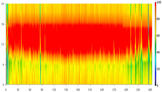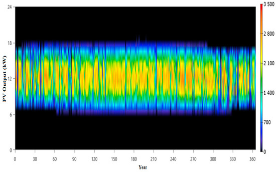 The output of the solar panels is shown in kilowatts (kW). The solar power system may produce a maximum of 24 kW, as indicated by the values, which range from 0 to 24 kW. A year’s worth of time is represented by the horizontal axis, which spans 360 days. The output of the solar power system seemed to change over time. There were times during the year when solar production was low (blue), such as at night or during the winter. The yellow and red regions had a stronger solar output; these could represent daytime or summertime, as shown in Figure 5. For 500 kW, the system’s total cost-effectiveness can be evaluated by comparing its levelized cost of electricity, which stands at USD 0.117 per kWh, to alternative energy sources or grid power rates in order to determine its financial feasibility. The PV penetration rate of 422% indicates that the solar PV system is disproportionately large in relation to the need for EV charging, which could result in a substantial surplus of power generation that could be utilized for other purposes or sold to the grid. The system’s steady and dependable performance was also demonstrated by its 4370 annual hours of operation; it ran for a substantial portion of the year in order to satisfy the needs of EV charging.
* * *
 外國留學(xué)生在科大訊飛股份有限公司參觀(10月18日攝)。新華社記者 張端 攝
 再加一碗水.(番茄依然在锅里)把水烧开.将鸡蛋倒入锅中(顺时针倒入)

# Assigned task
All lines in the listing above from the line containing "外國留學(xué)生在科大訊飛股份有限公司參觀(10月18日攝)。新華社記者 張端 攝" to the line containing "再加一碗水.(番茄依然在锅里)把水烧开.将鸡蛋倒入锅中(顺时针倒入)", inclusive, should be retyped exactly; no other lines should appear.

# Your response
 外國留學(xué)生在科大訊飛股份有限公司參觀(10月18日攝)。新華社記者 張端 攝
 再加一碗水.(番茄依然在锅里)把水烧开.将鸡蛋倒入锅中(顺时针倒入)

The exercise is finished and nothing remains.